I have tested the solutions suggested by @kindall, but the pickle.dumps(obj, 0).decode() raises a UnicodeDecodeError. Nevertheless the base64 approach works but it needed an extra decode/encode step. The solution works on both Python2.x and Python3.x.

# encode returns bytes so it needs to be decoded to string
pickled = pickle.loads(codecs.decode(pickled.encode(), 'base64')).decode()

type(pickled)  # <class 'str'>

unpickled = pickle.loads(codecs.decode(pickled.encode(), 'base64'))

回答1:

pickle.dumps() produces a bytes object. Expecting these arbitrary bytes to be valid UTF-8 text (the assumption you are making by trying to decode it to a string from UTF-8) is pretty optimistic. It'd be a coincidence if it worked!

One solution is to use the older pickling protocol that uses entirely ASCII characters. This still comes out as bytes, but since it is ASCII-only it can be decoded to a string without stress:

pickled = pickled.dumps(obj, 0).decode()

You could also use some other encoding method to encode a binary-pickled object to text, such as base64:

import codecs
pickled = codecs.encode(pickle.dumps(obj), "base64").decode()

Decoding would then be:

unpickled = pickle.loads(codecs.decode(pickled.encode(), "base64"))

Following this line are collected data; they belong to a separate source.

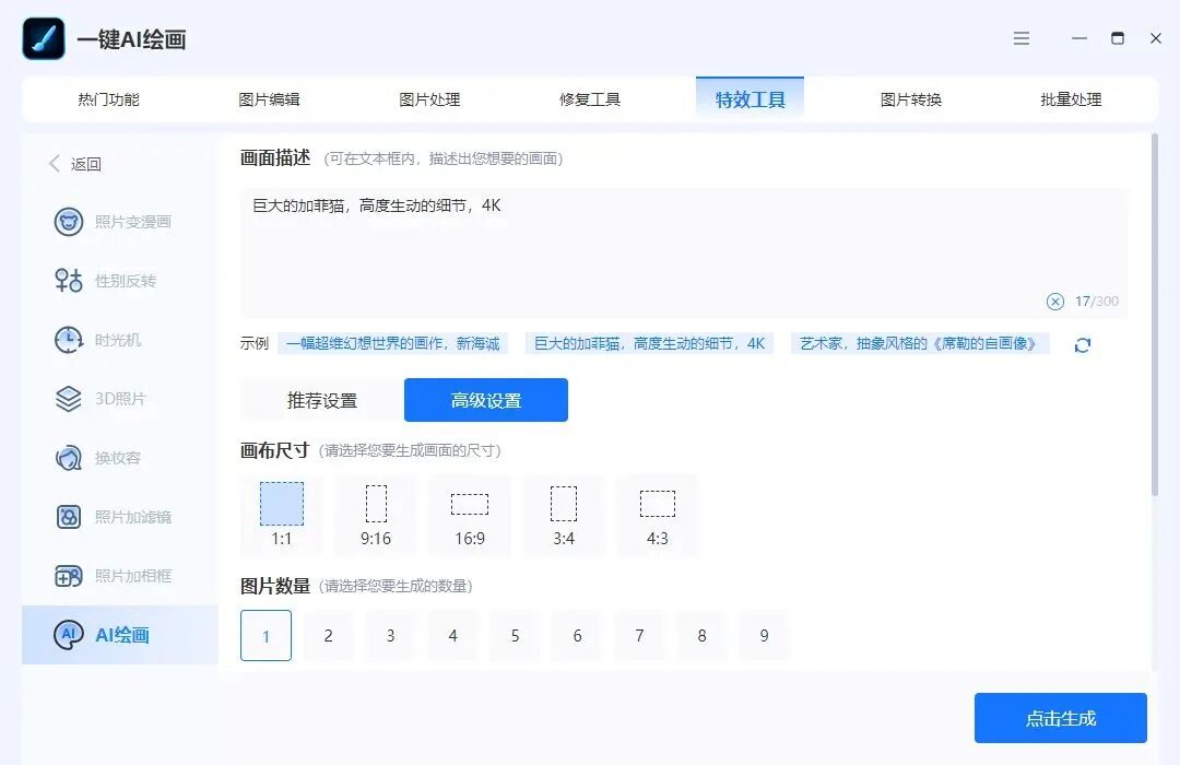 除了AI绘画功能,一键AI绘画还具备一些其他功能,如老照片修复、图片去水印等,是一款非常实用的图像处理软件。
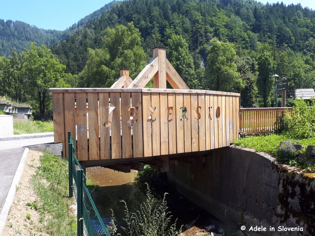 Keep following the marked path until you emerge onto the road close to a trough with drinking water, which both I and Charlie took advantage of, particularly as Bernarda tells me that Tržič’s water is among the best in the whole of Slovenia.
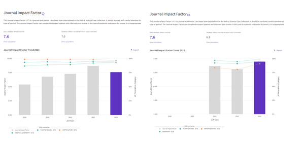 6月20日,科睿唯安最新版的期刊引证报告(JCR2023)正式发布。我校两本英文期刊国际影响力保持稳定。《园艺研究》(Horticulture Research)和《植物表型组学》(Plant Phenomics)影响因子均为7.6。
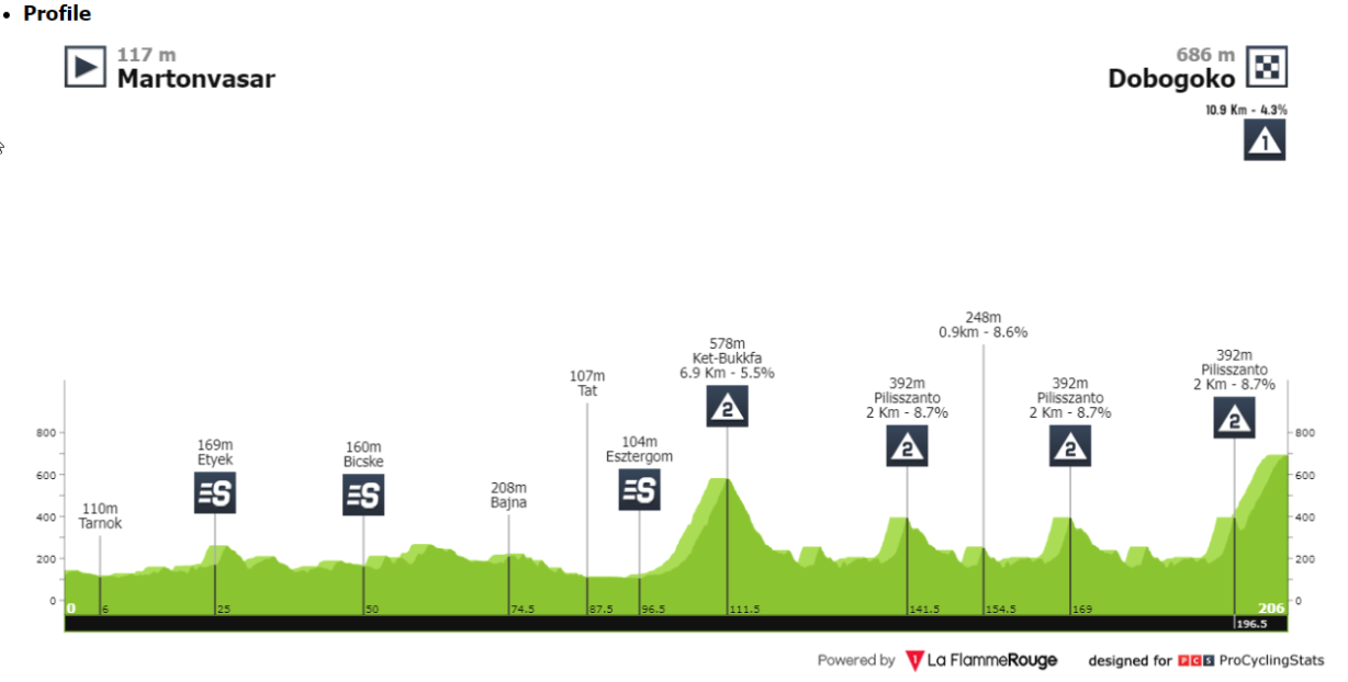- De jó kis mászókás szakasz volt tegnap Pécsett. Marc Hirschi fantasztikus támadással nyert a végén. Megérdemelt siker volt. Ma pedig a TDH királyszakasza következik, ahol végleg eldőlhet az összetett sorsa. Marc Hirschi vezet, majd a három brit tálentum következik Tulett, Poole, Onley, Bernal és Dina Márton is még elérhető távolságban van. Nagyon izgalmas hegyi szakasz következik. 206 kilométer, a 96-nál megkezdik a felkapaszkodást Dobogókőre Esztergom felől, de még nem mennek a csúcsra, a Két Bükkfa nyergen átbukva leszáguldanak Pilisszentkeresztig, majd a csobánkai elágazásik, és onnan egy hurkot tesznek és Pilisszántón keresztül kapaszkodnak fel ismét Pilisszentkeresztig. Itt található a kerékpáros berkekben csak Mészégetőnek nevezett emelkedő, ami szintén vetekszik a Mur de Huy nehézségével. Ezt a hurkot háromszor teszik meg, majd Pilisszentkereszten keresztül mennek a csúcsra, ahol hegyibefutó lesz! Érdemes megkóstolni Dobogókőn a vaddisznópörköltet, az út menti csárdában. Ott főzik nagy bográcsokban a hatféle ételkülönlegességet az út mellett.

Using pickle with protocol 0 seems to result in shorter strings than base64-encoding binary pickles (and abarnert's suggestion of hex-encoding is going to be even larger than base64), but I haven't tested it rigorously or anything. Test it with your data and see.



回答2:

If you want to store bytes in the environment, instead of encoded text, that's what environb is for.

This doesn't work on Windows. (As the docs imply, you should check os.supports_bytes_environ if you're on 3.2+ instead of just assuming that Unix does and Windows doesn't…) So for that, you'll need to smuggle the bytes into something that can be encoded no matter what your system encoding is, e.g., using backslash-escape, or even hex. So, for example:

if os.supports_bytes_environ:
    environb['pickled'] = pickled
else:
    environ['pickled'] = codecs.encode(pickled, 'hex')


回答3:

I think the simplest answer, especially if you don't care about Windows, is to just store the bytes in the environment, as suggested in my other answer.

But if you want something clean and debuggable, you might be happier using something designed as a text-based format.

pickle does have a "plain text" protocol 0, as explained in kindall's answer. It's certainly more readable than protocol 3 or 4, but it's still not something I'd actually want to read.

JSON is much nicer, but it can't handle datetime out of the box. You can come up with your own encoding (the stdlib's json module is extensible) for the handful of types you need to encode, or use something like jsonpickle. It's generally safer, more efficient, and more readable to come up with custom encodings for each type you care about than a general "pack arbitrary types in a turing-complete protocol" scheme like pickle or jsonpickle, but of course it's also more work, especially if you have a lot of extra types.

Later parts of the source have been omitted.